Винцукас научил меня делать затейливые дудки из коры молодого клена и свистеть в два пальца. Ах, как приятно свистеть в два пальца!

Лучше нас в местечке свистит только полицейский Гедрайтис. Но в этом нет ничего удивительного. Ведь у него настоящий свисток с цепочкой, купленный в Каунасе.

Дядя Мотл-Златоуст клянется, что президент платит Гедрайтису за свист двести литов в месяц.

Мы свистим даром, и, честное слово, у нас здорово получается!

ОЙ, КАК МНЕ ХОЧЕТСЯ СТАТЬ БОГАЧОМ!

Что нужно для того, чтобы найти клад на огороде?

Я говорю:

— Нужно иметь счастье.

Винцукас говорит:

— Нужно иметь лопату.

В одном мы сходимся оба:

— Нужно, чтобы кудлатый разбойник, пудель настоятеля Рекс, сидел в конуре, а привратник Антанас — в трактире.

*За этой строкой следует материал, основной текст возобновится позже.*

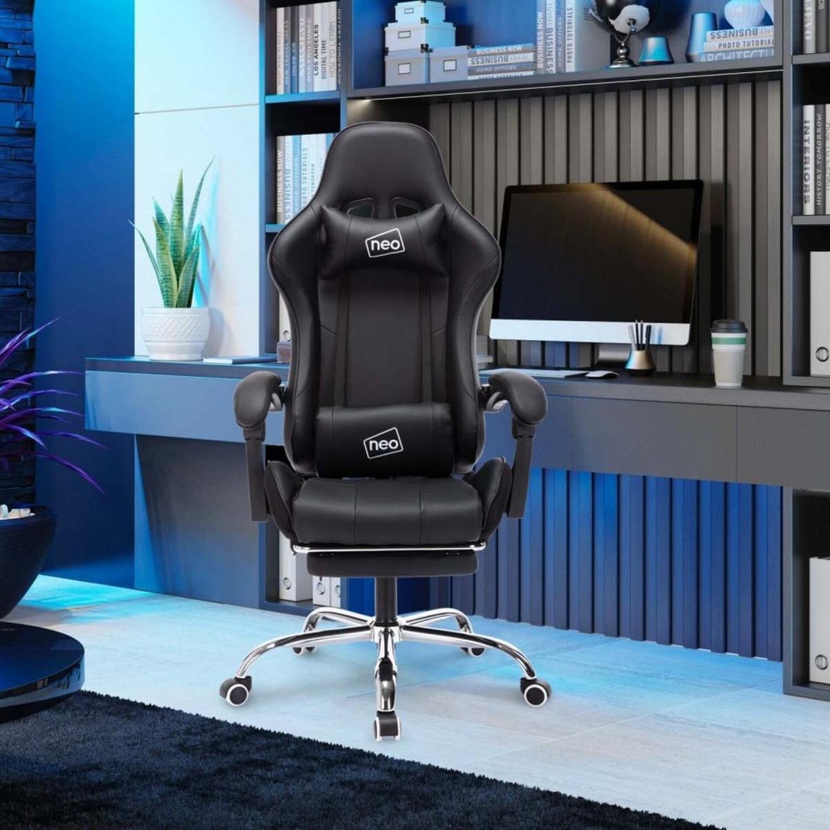 The Neo leather gaming chair is an impressive piece that combines comfort with a sleek, modern aesthetic. Its black leather finish makes it versatile, working well in contemporary interiors, game rooms, or even a sophisticated office setting. I love how the design prioritises ergonomic support, making it practical for long gaming or work sessions. To style it effectively, consider pairing it with minimalist furniture and neutral tones to let the chair be a statement piece, or incorporate bold accent colours through accessories to add visual interest. Its professional yet edgy look can effortlessly blend into various interior styles, from high-tech modern to industrial, adding both functionality and a touch of sportiness.

Да вот если бы еще ограда была пониже!

Во всем местечке нет другой такой ограды. Дядя Мотл-Златоуст клянется, что она ближе к богу, чем ее хозяин.

В прошлом году Мендке Маравихер повис на ней, как пасхальный кувшин. И хоть лазал он не за кладом, а за клубникой, привратник Антанас крепко намял ему бока.

Две недели Мендке не выходил из дома. Две недели пил противный отвар из какой-то диковинной и баснословно дорогой травы.

— Похороны обошлись бы мне дешевле, — уверял его отец Тевье Маравихер.

Неужели и мы попадем в руки к Антанасу?

— Не трусь, — подбадривает меня Винцукас. — Все изменится, когда мы найдем клад и станем богачами. Сам Антанас прорубит для нас большую дыру в ограде и скажет: «Милости просим, господа!»

Ой, как мне хочется стать богачом!

Я никогда не забирался бы в чужие огороды даже через дыру в ограде!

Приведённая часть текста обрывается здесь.